Green, who is a former public defender, extensively consulted with county officials and criminal justice experts in building the website. She says one of the biggest stumbling blocks in the process was creating a curated list of jobs for people with convictions, which involved extensive work with individual divisions and managers.
With the Work to Break the Cycle site, the county also sees an opportunity to fill vacancies.
“We have 50-100 active openings every month,” said Green. “When those are filled, we are better able to serve the community. For us, this is an opportunity to get and maintain talent.”
Patience Lewis-Walker echoes that sentiment. As deputy executive director for the Mid-Atlantic, Mountain Plains & Southern Regions at the Center for Employment Opportunities (CEO), she says employing justice-impacted individuals means a decrease in recidivism and fulfilling a need for that government.
CEO is a social enterprise nonprofit that provides workforce development to the people most at risk of returning to prison, a population that Lewis-Walker says tend to be people with little to no work history, little education and, maybe, multiple convictions.
CEO’s model is to put these people immediately to work when they are released. For four days a week, formerly incarcerated individuals go to work and earn a daily paycheck that helps them buy food, secure housing or contribute to a household. On the fifth day, CEO provides participants intense workforce coaching: how to search for a job, how to apply for one, and how to interview, among other things. It also addresses other barriers, such as transportation needs.
Lewis-Walker says that CEO contracts with governments across the country and that the nonprofit prefers to work with them.
“The public sector is where we like to focus our efforts because of the long-term opportunities,” she said. “Government jobs are really a great fit when it comes to stability for folks who have been justice-involved.
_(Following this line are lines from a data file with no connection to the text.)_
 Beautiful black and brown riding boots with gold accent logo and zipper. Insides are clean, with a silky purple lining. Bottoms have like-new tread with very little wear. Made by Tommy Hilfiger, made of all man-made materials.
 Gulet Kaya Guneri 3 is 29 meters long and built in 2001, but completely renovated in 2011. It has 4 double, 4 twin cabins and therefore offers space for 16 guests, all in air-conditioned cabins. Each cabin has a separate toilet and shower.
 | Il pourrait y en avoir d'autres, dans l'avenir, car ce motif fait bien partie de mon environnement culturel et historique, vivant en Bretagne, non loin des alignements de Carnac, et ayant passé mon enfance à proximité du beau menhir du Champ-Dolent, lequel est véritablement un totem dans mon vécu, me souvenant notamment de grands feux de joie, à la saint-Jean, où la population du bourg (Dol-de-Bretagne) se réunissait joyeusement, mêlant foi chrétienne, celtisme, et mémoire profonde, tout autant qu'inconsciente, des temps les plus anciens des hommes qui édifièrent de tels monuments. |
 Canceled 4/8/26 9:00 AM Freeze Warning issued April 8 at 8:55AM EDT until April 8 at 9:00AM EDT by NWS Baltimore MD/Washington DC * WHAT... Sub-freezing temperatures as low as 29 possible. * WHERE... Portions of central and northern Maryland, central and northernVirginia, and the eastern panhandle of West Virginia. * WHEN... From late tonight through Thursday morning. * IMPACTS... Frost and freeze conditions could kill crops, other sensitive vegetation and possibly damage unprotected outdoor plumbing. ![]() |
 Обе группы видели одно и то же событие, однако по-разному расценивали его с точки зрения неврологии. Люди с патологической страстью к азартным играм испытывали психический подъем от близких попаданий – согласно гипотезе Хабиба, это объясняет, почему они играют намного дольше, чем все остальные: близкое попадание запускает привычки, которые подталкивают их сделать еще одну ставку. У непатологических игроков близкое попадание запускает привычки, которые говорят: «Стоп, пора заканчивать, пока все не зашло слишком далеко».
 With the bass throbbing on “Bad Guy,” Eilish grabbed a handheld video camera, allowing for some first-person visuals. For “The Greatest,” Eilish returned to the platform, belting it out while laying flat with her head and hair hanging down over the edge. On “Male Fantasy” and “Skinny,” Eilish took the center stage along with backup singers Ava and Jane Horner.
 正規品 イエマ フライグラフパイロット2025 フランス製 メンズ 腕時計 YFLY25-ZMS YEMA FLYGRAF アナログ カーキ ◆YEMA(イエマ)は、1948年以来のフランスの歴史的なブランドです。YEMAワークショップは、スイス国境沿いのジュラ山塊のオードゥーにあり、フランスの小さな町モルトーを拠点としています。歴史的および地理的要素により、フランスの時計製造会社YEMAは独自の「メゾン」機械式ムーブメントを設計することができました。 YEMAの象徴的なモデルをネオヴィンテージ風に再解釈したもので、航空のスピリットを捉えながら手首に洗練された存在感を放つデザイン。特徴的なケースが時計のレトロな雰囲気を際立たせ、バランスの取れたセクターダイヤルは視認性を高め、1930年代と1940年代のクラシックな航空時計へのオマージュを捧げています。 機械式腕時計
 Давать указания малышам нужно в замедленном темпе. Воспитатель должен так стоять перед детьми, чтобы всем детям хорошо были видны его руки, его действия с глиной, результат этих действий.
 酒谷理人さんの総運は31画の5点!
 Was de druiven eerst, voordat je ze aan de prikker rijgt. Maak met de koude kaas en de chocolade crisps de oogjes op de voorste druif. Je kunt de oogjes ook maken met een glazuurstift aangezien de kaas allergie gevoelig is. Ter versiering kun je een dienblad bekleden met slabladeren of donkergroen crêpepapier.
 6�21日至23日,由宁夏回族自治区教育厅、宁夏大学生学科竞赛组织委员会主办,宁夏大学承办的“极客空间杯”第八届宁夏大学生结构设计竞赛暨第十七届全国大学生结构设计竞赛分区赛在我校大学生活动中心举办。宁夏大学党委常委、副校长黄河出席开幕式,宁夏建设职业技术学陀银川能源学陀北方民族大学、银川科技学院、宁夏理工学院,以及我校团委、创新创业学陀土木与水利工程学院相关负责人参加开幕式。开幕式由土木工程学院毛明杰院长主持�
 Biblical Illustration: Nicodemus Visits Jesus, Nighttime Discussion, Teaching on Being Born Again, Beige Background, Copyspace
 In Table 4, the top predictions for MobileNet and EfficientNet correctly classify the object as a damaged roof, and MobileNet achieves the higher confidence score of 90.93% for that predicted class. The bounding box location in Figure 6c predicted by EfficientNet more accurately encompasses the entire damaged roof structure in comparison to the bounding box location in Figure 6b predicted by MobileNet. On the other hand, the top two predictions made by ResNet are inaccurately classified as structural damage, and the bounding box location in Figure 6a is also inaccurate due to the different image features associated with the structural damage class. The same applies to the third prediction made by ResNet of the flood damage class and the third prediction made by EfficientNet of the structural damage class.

They get pretty slim pickings when it comes to private-sector jobs because the ones offered are often part time or have irregular hours and come with no benefits. Government is a job with benefits, a pension, reliable hours.”
Citing her nonprofit’s own research, Lewis-Walker says that through employment and workforce coaching, CEO has seen a 22% reduction rate in recidivism, that participants were 48 percent more likely to be employed three years after program entry, and cost savings to taxpayers—every $1 invested in a CEO program, yields a $3 benefit to taxpayer.
The effort in Shelby County touts similar statistics. In addition to filling open positions, employing people with criminal records helps to reduce recidivism, improves public safety and saves taxpayers money. “It costs taxpayers $80 billion a year to incarcerate America’s 2.4 million prisoners,” the Work to Break the Cycle website states, “and this doesn’t include the cost of families affected by the loss of income, payments associated with visitations, or legal fees.”
Green doesn’t see the work ending with the website. Mayor Harris’s office has worked on approaches as complicated as bail reform and programs as straightforward as providing bus passes to people to get back and forth to court. A bus pass for a day is $2, says Green, which is cheaper than arresting someone and keeping them in jail.
“The mayor was really intentional in his reelection [campaign to pledge to employ people with convictions],” Green said, “because that can be a game changer generationally. That is the legacy that he wants to leave.”
Lewis-Walker agrees. “We need to create a safe space for folks to come home, and all that starts with a job and being able to care for yourself.”